At the SmartDev conference on May 20, 2021, Sber announced the expansion of the capabilities of SberCloud ML Space — an integrated cloud platform for the development and implementation of AI services.
It provides tools and resources for the development, training, and deployment of machine learning models - from fast connection to data sources to automated model deployment in the SberCloud infrastructure.
ML Space is a cloud-based service that enables distributed learning using the Intel® Xeon® scalable processor family with integrated AI accelerators. Its architecture is based on SberCloud's own supercomputer Christofari whose combined capacity amounts to 6.7 petaflops. It is ranked 40th in the top 500 most efficient systems in the world.
The expansion became possible through the use of oneAPI, an open standards-based cross-architectural programming model, which allows developers to leverage the performance and unique capabilities of various architectures without code fixing for each hardware platform. That is, they are free to choose the best equipment for a specific task. oneAPI supports well-known programming languages (such as C, C ++, Fortran and Python) and common standards (such as MPI and OpenMP), ensuring interoperability and close alignment with existing code.
The cloud platform SberCloud ML Space was created on the one hand in order to provide data processing specialists with the best tools for solving problems in the field of machine learning, and on the other hand in order to simplify and democratize to the fullest the developing and use of AI-based products. The new Intel oneAPI Toolkits fit perfectly into the ML Space ideology. Using this productive, flexible and cost-effective processor architecture, data scientists and ML developers can accelerate the creation and implementation of their AI products and improve their performance. I am sure that all relevant professionals will appreciate the new capabilities of our cloud platform.
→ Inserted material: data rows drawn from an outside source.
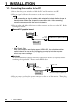 1 INSTALLATION 1-1. Connecting the monitor to the PC 1) Be sure that the power switches of both the PC and the monitor are OFF. 2) Plug the signal cable into the connector at the rear of the monitor. • When connecting the signal cable or cable adapter, first check that the shape at the cable side matches the shape at the connecting side. After connecting, secure the connection with the screw-in fasteners. 3) Plug the other end of the cable into the video connector on the rear of the PC.
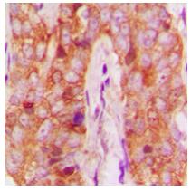 Immunohistochemical analysis of MMP13 staining in human breast cancer formalin fixed paraffin embedded tissue section.
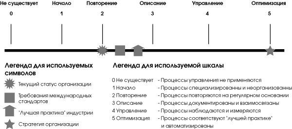 Беря за основу шкалу моделей зрелости (Рис. 7), разработанную для каждого из 34 ИТ-процесса CobiT, руководитель может выяснить следующие сведения:
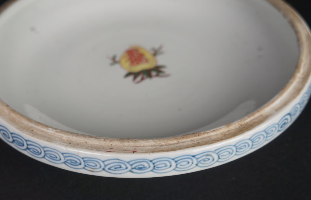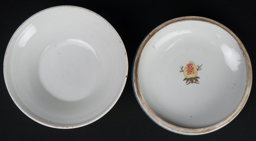 This bowl is in very good antique condition, showing only light signs of age and use. There are no chips, cracks, or repairs, original wood box with no lid—a rare find for a piece of this age.
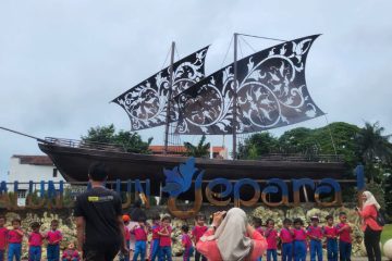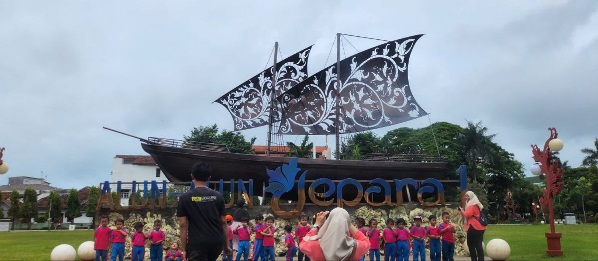 (Beritadaerah-Jepara) Keramaian di Alun-alun Kota Jepara, Jawa Tengah, Kamis (22/1) siang. Tampak anak-anak sekolah yang berfoto di depan replika kapal...
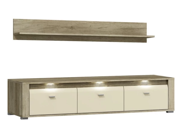 TV stolek s nástěnnou policí z elegantního programu Campari je vyroben v kombinaci divokého dubu a krémového lesku. Dekorativní vodorovná lišta s vyfrézovanou profilací přidává na zajímavosti.

Sberbank Group CTO, executive vice president, head of the technology block, Sberbank
ML Space brings together such popular big data tools as Jupyter Notebook and Jupyter Lab, and now it will integrate the instruments for higher productivity - Intel oneAPI Toolkits. It is built on a modular architecture that allows users to add new features on their own. Within a year of this announcement, anyone can register and obtain test access to the SberCloud ML Space platform, Intel® oneAPI Toolkits, and Intel® processors-based servers.
As the world moves into the XPU era, where a combination of architectures is used, the developers need new levels of abstraction to ensure the performance of baseline hardware. We're thrilled that Intel's oneAPI Toolkits will enable users of SberCloud AI platform to create viable software for various architectures using a single codebase.
Senior Vice President, Chief Architect and General Manager of Architecture, Graphics and Software at Intel Corporation
Intel oneAPI Toolkits help developers efficiently build, analyze, and optimize high-performance cross-architectural applications for a variety of XPUs: Intel processors, GPUs, and FPGAs.
These toolkits include the cross-architectural programming language oneAPI Data Parallel C ++ (DPC ++) and over 40 software products: compilers, libraries, and instruments for porting, analysis, and debugging that simplify the development of data processing applications.
One of the key elements of the ML Space cloud platform, the Environments module, will receive the following Intel oneAPI toolkits:
• Intel oneAPI Base Toolkit - the main set of tools and libraries for the development of high-performance, cross-architectural apps;
• Intel oneAPI AI Analytics Toolkit provides data scientists, and AI developers and researchers with familiar and convenient tools to accelerate data processing and analysis on Intel CPUs and GPUs;
• Intel oneAPI HPC Toolkit allows development and optimization of high-performance apps based on Fortran, OpenMP and MPI that can be scaled on the latest Intel processor-based systems and clusters. Together with the Base toolkit, it contains all the necessary tools for the development of high-performance applications for solving scientific or engineering problems in the systems with shared or distributed memory;
• Intel Distribution of OpenVINO Toolkit helps optimize, fine-tune, and launch complex inference using the Deep Learning Model Optimizer as well as execution and development tools.